One point of discussion that has been missing from the sound track of this finals campaign has been the once annual debate around the finals system used by the NRL.
The McIntyre system had few allies by the end of its time and it was promptly consigned to the waste bin by the Australian Rugby League Commission.
The method used by the AFL was introduced and as it stands, we have the top four teams still in the competition fighting it out for a spot in the grand final.
So, it was surprising to hear a talkback caller to the Sports Today program on 2UE last night question the mechanics of the new system.
He asked why Melbourne, who finished second, now have a seemingly easier match by playing Manly, who finished fourth, to get into the grand final.
The Bulldogs, minor premiers, have to play South Sydney, who finished third.

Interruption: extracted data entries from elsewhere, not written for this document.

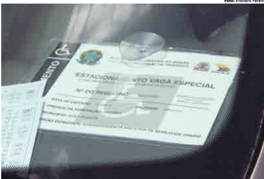
Uma das principais reclamações diz respeito às vagas para deficientes que são ocupadas de forma indevida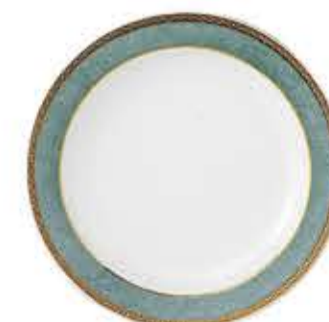
010696 9吋ミート Φ23.7XH2.8cm 515g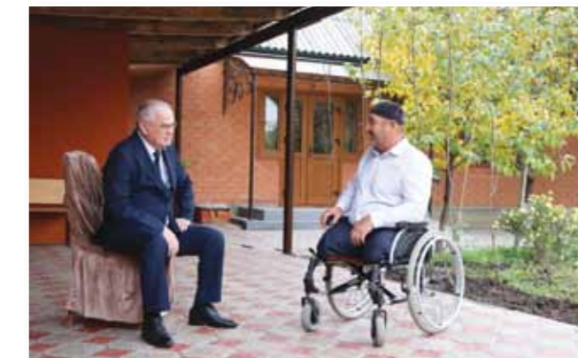
Внимание и поддержка каждому жителю республики

В Народном Собрании Республики Ингушетия седьмого созыва сложилась работоспособная и надежная команда, готовая работать в интересах жителей региона. Наши депутаты – разные по возрасту, роду занятий, убеждениям, взглядам, но все в одинаковой степени ответственны и неравнодушны к исполнению своих функциональных обязанностей, нуждам населения.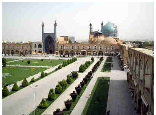
Imagen 3. Mezquita en Irán

La cultura árabe se centraba en la vida de pastores nómadas, los cuales no conformaron un Estado. La unión de esta sociedad se fundaba en comunidades que se dividían en familias. El jefe de familia (patriarca) fue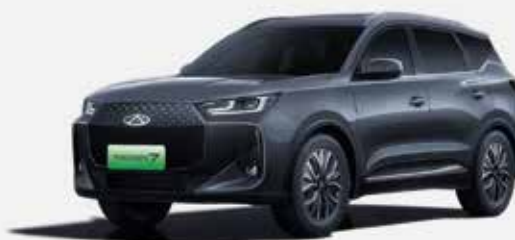
PHANTOM GRAY (GV)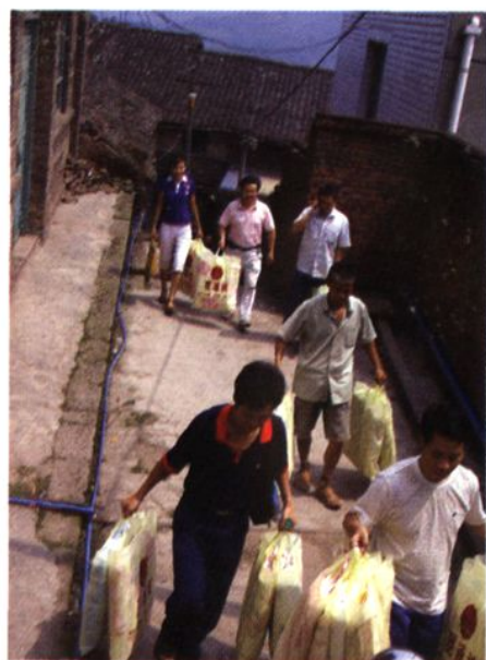
县局党总支慰问贫困老党员和五保户。

Now, on the surface it appears as though Melbourne actually has the tougher match.
Manly, despite finishing fourth, went into their match in week one of the finals against the Bulldogs as the favourites.
South Sydney seems like an easier clash for the Bulldogs despite the fact they finished ahead of the Sea Eagles on the ladder.

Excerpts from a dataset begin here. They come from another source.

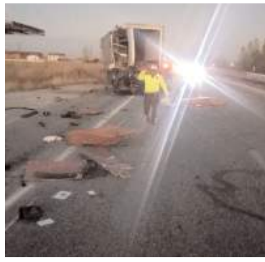
Kaza Çorum-Ankara Karayolu 26. kilometre Hamdiköy yakınlarında meydana geldi.

Alınan karar ile Çorumda bütün okul kantinlerinde İsrail menşeli ürünler ve İsrail'e destek verdiği bilinen ürünlerin alımı, satımı ve kullanımının yapılmayacak.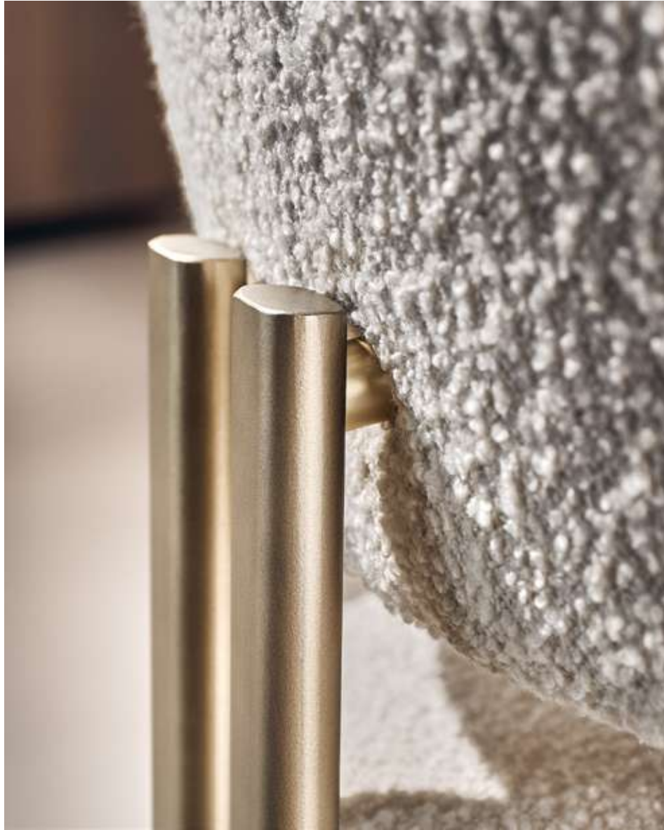
Bay Metal Armchair Seduta con base in metallo bronzo luxor e tessuto bouclé B01.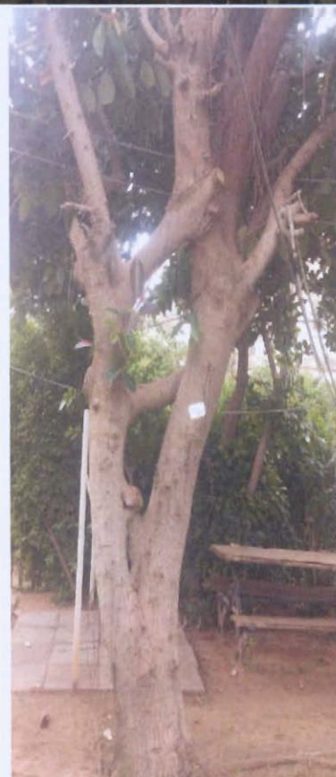
עצים מס' 16, 17 פיקוס - שימור עץ מס' 18 ושינגטוניה - שימור

The Rabbitohs were out-classed by Melbourne in week one of the finals and then were always going to get the better of Canberra in Sydney at the weekend.
So, even though this system is far better than the one previously employed by the league, are there a few quirks?

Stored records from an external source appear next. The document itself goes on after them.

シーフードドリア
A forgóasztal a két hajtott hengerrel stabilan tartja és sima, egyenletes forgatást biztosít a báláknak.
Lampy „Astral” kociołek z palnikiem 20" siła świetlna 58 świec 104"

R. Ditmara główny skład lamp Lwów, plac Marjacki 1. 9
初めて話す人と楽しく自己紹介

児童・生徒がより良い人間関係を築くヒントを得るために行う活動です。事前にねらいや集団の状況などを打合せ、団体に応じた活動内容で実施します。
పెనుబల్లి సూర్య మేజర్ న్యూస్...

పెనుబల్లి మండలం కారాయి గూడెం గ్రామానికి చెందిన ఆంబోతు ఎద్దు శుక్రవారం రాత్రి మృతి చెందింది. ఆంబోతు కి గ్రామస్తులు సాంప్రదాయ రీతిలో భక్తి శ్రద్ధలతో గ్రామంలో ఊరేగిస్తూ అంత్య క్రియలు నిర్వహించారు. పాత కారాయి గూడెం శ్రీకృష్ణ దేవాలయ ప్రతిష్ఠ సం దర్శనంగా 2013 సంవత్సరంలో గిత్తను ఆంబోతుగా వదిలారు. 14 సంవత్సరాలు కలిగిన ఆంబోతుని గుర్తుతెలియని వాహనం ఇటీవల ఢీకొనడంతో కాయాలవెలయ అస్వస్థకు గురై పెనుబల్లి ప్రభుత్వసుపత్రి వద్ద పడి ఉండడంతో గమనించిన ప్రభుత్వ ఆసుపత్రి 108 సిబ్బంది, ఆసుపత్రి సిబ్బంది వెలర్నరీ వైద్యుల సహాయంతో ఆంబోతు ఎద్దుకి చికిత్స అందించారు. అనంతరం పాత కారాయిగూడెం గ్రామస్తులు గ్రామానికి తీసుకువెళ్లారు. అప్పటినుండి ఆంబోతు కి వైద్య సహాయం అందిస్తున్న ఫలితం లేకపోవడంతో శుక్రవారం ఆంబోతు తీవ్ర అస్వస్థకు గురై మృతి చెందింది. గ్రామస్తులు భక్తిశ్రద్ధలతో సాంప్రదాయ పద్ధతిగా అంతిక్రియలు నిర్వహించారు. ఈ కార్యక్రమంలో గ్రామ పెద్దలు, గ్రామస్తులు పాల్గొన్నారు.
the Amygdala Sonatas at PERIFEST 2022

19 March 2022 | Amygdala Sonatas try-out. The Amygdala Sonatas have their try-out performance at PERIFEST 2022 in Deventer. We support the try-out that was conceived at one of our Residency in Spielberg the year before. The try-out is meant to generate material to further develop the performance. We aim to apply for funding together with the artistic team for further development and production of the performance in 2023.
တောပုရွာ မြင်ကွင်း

Is their a perfect answer?
In theory, shouldn’t the highest placed team have the easiest possible route through to the decider?
If that was the case the Bulldogs would be playing Manly again this weekend in a repeat of their clash from week one.
Some would argue that taking on the Sea Eagles would be a tougher test for the Dogs even though they finished below South Sydney on the ladder.
Others could say it would be boring seeing the same two teams face off in the space of three weeks.
Although a re-match between Manly and Canterbury wouldn’t be a tough sell this year, would a repeat of 1 versus 4 be a tough sell in the future?
Team three seeming weaker than team four has created a quirk this year and Dogs fans are probably breathing a sigh of relief that they don’t have to come up against their rivals again this weekend.
Under the current set-up, the team finishing first on the ladder would only get to face a weaker opponent in the preliminary final if an upset occurred in week two.
For example, if Canberra (6th) beat South Sydney they would play the Bulldogs while Melbourne (second) would play either Manly (4th) or North Queensland (5th).
The finals have been an amazing spectacle and rugby league looks set for an unprecedented period of growth and prosperity, but it will be interesting to see if this little quirk causes a stir in the future.